Die ersten Beerdigungsgäste kamen angelaufen, um sich das Spektakel nicht entgehen zu lassen. Das Klicken des Fotoapparates wollte gar nicht mehr enden.
„Sehr schön!“, jubelte Tim. „Danke sehr. Also, höre ich mehr?“
Boss stieg gleich darauf mit 32 Millionen in das Rennen ein.
Am Ende war Tims Parkbank umlagert von wohlriechenden Anzugträgern und Damen im Businesskostüm, die sich überboten, um an das Paket zu gelangen. Es wurde gerufen und telefoniert, noch mehr telefoniert und überboten.
Nach einer Viertelstunde war es vorbei, und das Aktienbündel ging für 53,29 Millionen an Boss.

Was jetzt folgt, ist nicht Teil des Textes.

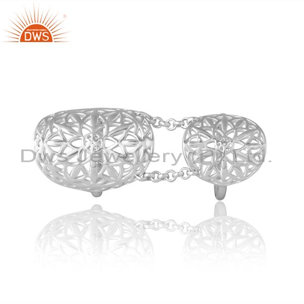 Sterling Silver Double Ring With Chain Connector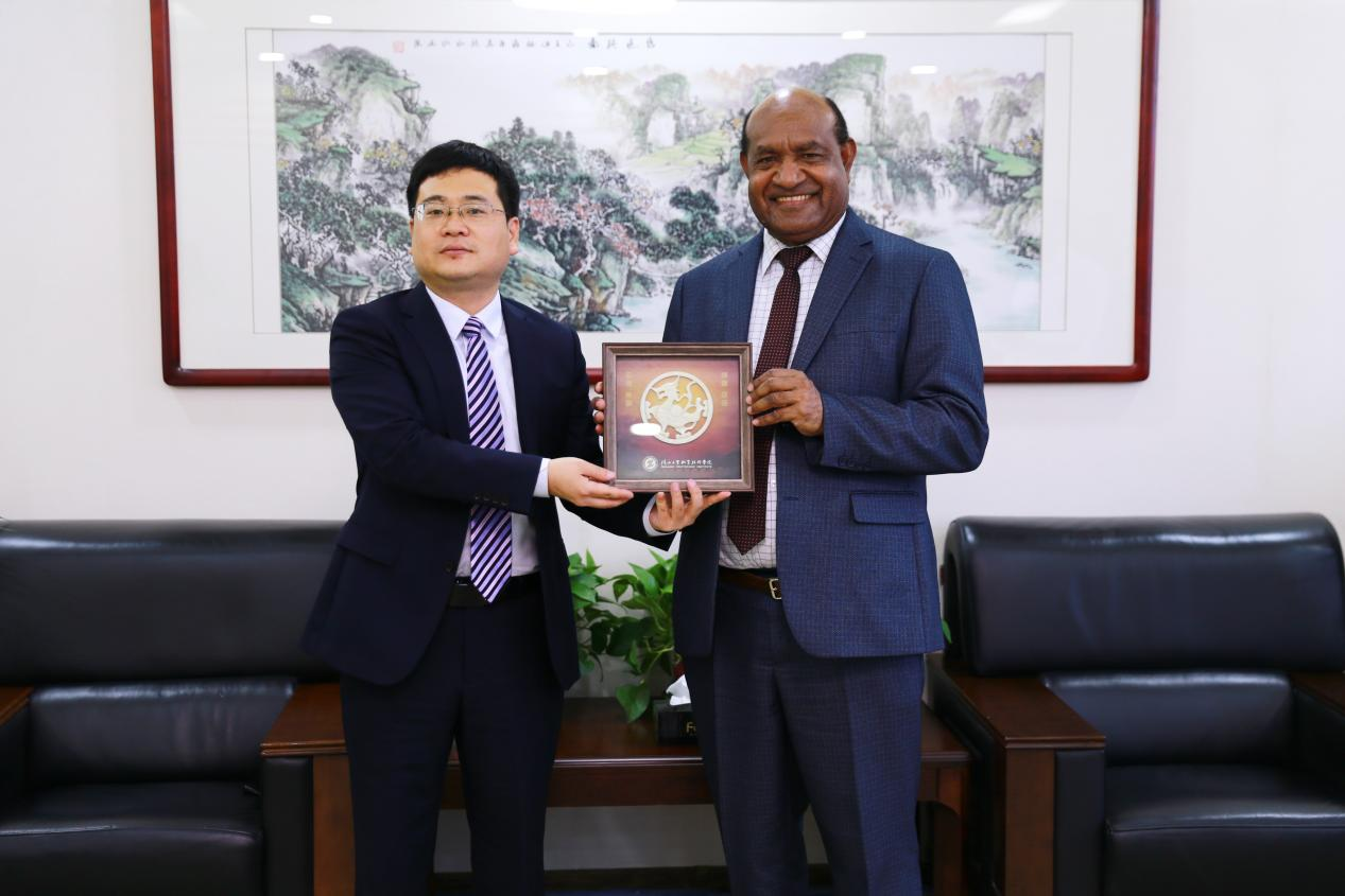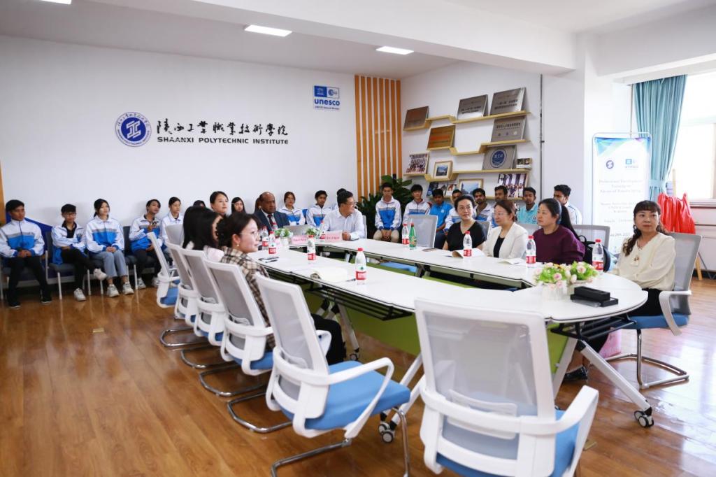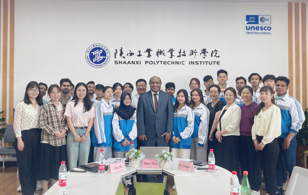 On May 10th, Robert Parua, an education program officer from UNESCO's East Asia Multisectoral Regional Office, visited Shaanxi Polytechnic Institute. He met with Deputy Party Committee Secretary Tian Hao and Dean of International Education School Qin Jingjun.

Rexona, Axe und Maverick standen fassungslos auf dem Kiesweg.
* * *
Mitschnitt Telefonanruf, beschlagnahmtes Band aus dem Büro der amerikanischen Söldnereinheit Hard Solution im Zuge der Ermittlungen des FBI wg. Unterstützung einer terroristischen Vereinigung
Auszug aus der Ermittlungsakte des Verfassungsschutzes zu „Kommando Flächenbrand“
Teilnehmer:
– unbekannter Mann, deutscher Akzent
– Mr. Jack Russell, Major a. D., Leiter der Söldnereinheit Hard Solution
Unbekannter Mann: Es geht um Folgendes, Sir. Ich bräuchte ein paar Tage in Ihrem Boot-Camp für die Spezialausbildung von mir und ein paar Freunden.
Russell: Okay, das kostet 10.000 Dollar pro Woche und Person. Für die Ausbildung. Für 900 Dollar obendrauf bekommen Sie und Ihre Freunde noch Unterkunft und Verpflegung.
Unbekannter Mann: Mh, klingt nicht schlecht. Was ist denn da alles dabei?
Russell: Also, das übliche Nahkampftraining, leichte und schwere Handfeuerwaffen, Einsatz unter Gefechtsbedingungen …
Unbekannter Mann: Was ist denn mit Sprengstoffen? Und Panzerfäusten?
Russell: Lacht. Nee, Sir. Das machen wir nicht. Das ist illegal. Außerdem kenne ich Sie gar nicht. Sie könnten ja irgendein Terrorist sein …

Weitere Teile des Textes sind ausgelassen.